#### GIVEN MATERIAL:
··········

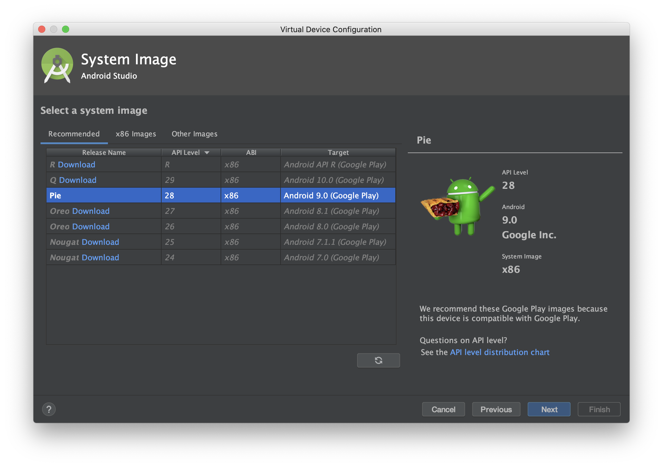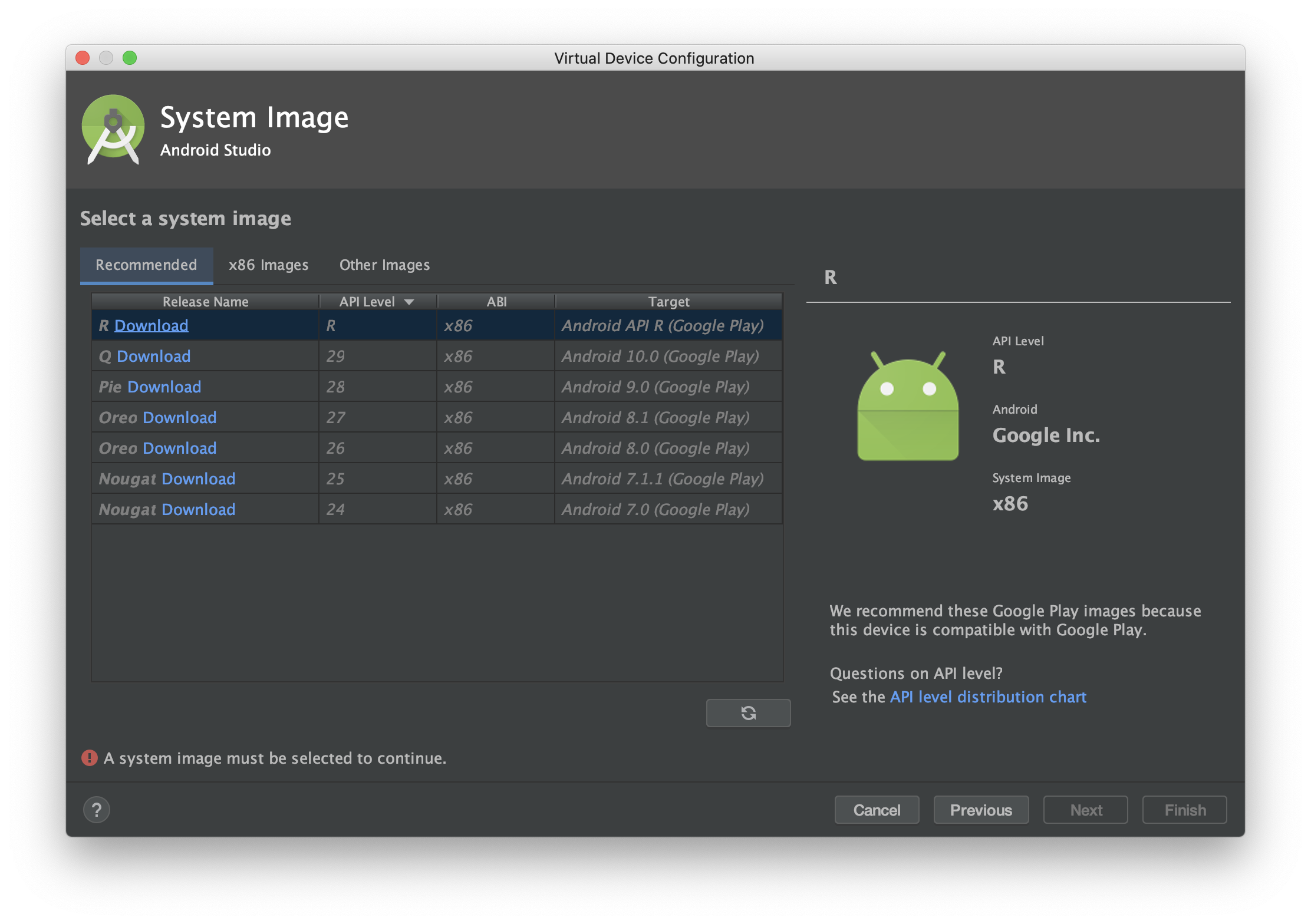 "Pixel 2" 를 선택하고 Next를 클릭하면 위와 같은 모습이 나온다. 하드웨어 선택을 했으니 이번에는 System Image를 선택해야 하는 것이다.아직 다운받은 것이 없어서 필요한 버전을 선택하고 다운로드를 해야 진행할 수 있다. 버전에 따른 타겟과 이에 따라 이용할 수 있는 Google API level이 달라지기 때문에 본인이 진행할 프로젝트의 앱이 실행 가능한 버전을 적절하게 선택한다.
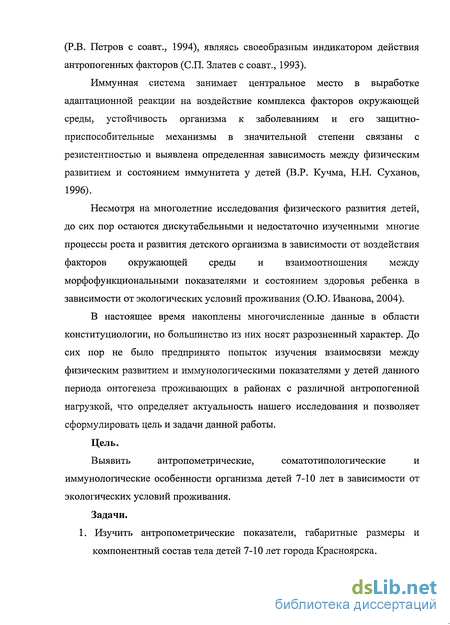 В настоящее время накоплены многочисленные данные в области конституциологии, но большинство из них носят разрозненный характер. До сих пор не было предпринято попыток изучения взаимосвязи между физическим развитием и иммунологическими показателями у детей данного периода онтогенеза проживающих в районах с различной антропогенной нагрузкой, что определяет актуальность нашего исследования и позволяет сформулировать цель и задачи данной работы.
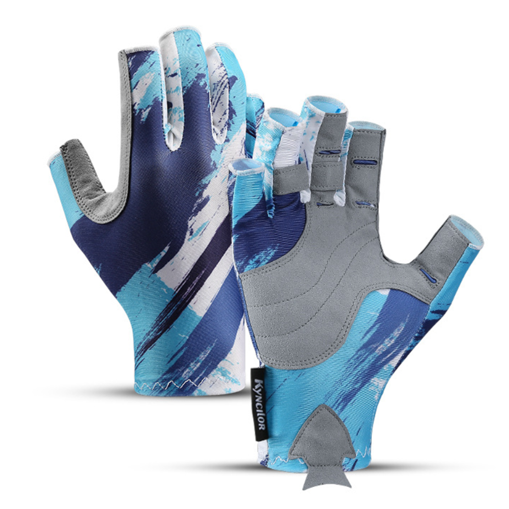 Kyncilor Riding Half Finger Gloves Fingerless Outdoor Sports UV Protection Breathable Fishing For Boating Cycling Sailing Kayaking – Blue M
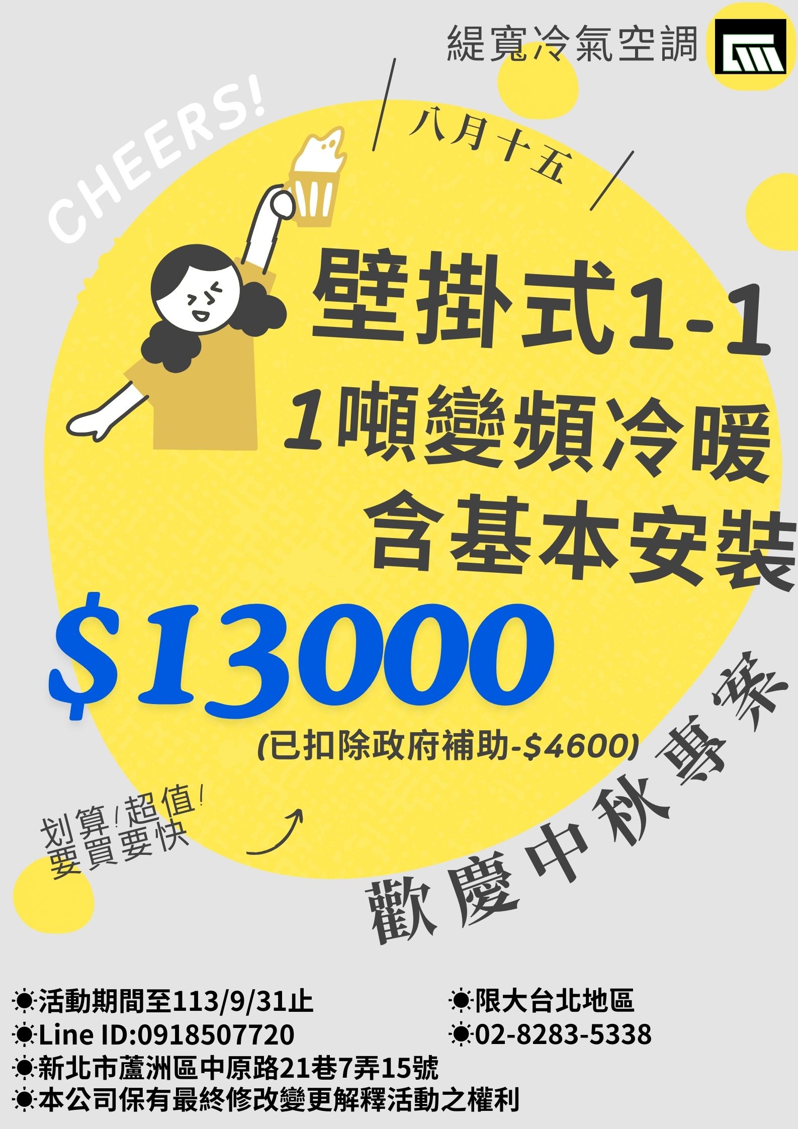 1噸分離式含基本安裝 $13000

··········

Repeat the material above in full and exactly, omitting the pictures.

 "Pixel 2" 를 선택하고 Next를 클릭하면 위와 같은 모습이 나온다. 하드웨어 선택을 했으니 이번에는 System Image를 선택해야 하는 것이다.아직 다운받은 것이 없어서 필요한 버전을 선택하고 다운로드를 해야 진행할 수 있다. 버전에 따른 타겟과 이에 따라 이용할 수 있는 Google API level이 달라지기 때문에 본인이 진행할 프로젝트의 앱이 실행 가능한 버전을 적절하게 선택한다.
 В настоящее время накоплены многочисленные данные в области конституциологии, но большинство из них носят разрозненный характер. До сих пор не было предпринято попыток изучения взаимосвязи между физическим развитием и иммунологическими показателями у детей данного периода онтогенеза проживающих в районах с различной антропогенной нагрузкой, что определяет актуальность нашего исследования и позволяет сформулировать цель и задачи данной работы.
 Kyncilor Riding Half Finger Gloves Fingerless Outdoor Sports UV Protection Breathable Fishing For Boating Cycling Sailing Kayaking – Blue M
 1噸分離式含基本安裝 $13000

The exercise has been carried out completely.